• TASK: Using the listing below, copy exactly the lines from the one containing "Ein besonderes Highlight" to the one containing "특허청에 공식적으로 디자인등록이 되어있습니다.", both lines included, and no others.

• DATASET RECORDS:
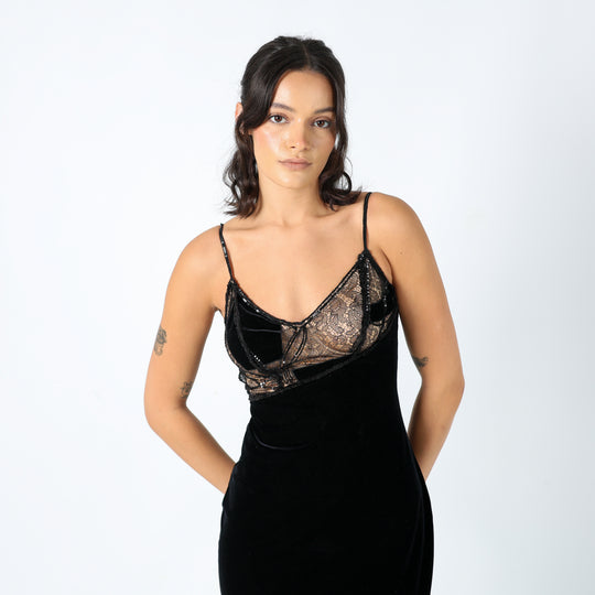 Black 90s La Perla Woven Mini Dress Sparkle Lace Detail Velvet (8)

==

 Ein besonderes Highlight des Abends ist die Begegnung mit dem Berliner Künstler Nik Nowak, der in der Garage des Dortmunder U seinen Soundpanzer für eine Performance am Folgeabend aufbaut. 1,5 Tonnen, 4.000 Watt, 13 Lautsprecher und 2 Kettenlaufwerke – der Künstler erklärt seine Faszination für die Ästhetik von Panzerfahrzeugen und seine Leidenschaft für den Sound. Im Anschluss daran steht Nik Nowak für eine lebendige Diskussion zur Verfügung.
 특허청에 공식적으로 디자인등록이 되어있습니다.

==

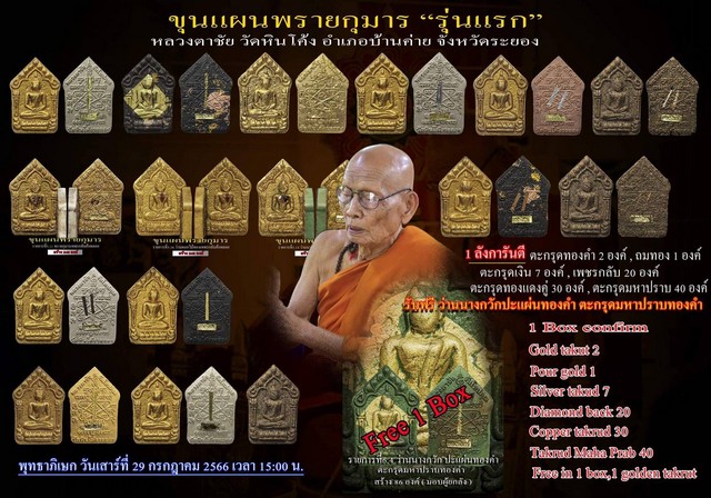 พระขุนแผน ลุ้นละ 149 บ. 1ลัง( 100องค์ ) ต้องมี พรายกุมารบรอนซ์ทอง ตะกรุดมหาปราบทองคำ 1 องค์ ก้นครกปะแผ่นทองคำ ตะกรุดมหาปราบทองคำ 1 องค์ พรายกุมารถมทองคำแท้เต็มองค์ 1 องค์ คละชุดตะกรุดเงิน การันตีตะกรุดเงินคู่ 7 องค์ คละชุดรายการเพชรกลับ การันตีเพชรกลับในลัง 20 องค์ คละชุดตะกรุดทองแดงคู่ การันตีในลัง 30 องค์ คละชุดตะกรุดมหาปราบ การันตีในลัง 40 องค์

• WRITTEN REPLY:
 Ein besonderes Highlight des Abends ist die Begegnung mit dem Berliner Künstler Nik Nowak, der in der Garage des Dortmunder U seinen Soundpanzer für eine Performance am Folgeabend aufbaut. 1,5 Tonnen, 4.000 Watt, 13 Lautsprecher und 2 Kettenlaufwerke – der Künstler erklärt seine Faszination für die Ästhetik von Panzerfahrzeugen und seine Leidenschaft für den Sound. Im Anschluss daran steht Nik Nowak für eine lebendige Diskussion zur Verfügung.
 특허청에 공식적으로 디자인등록이 되어있습니다.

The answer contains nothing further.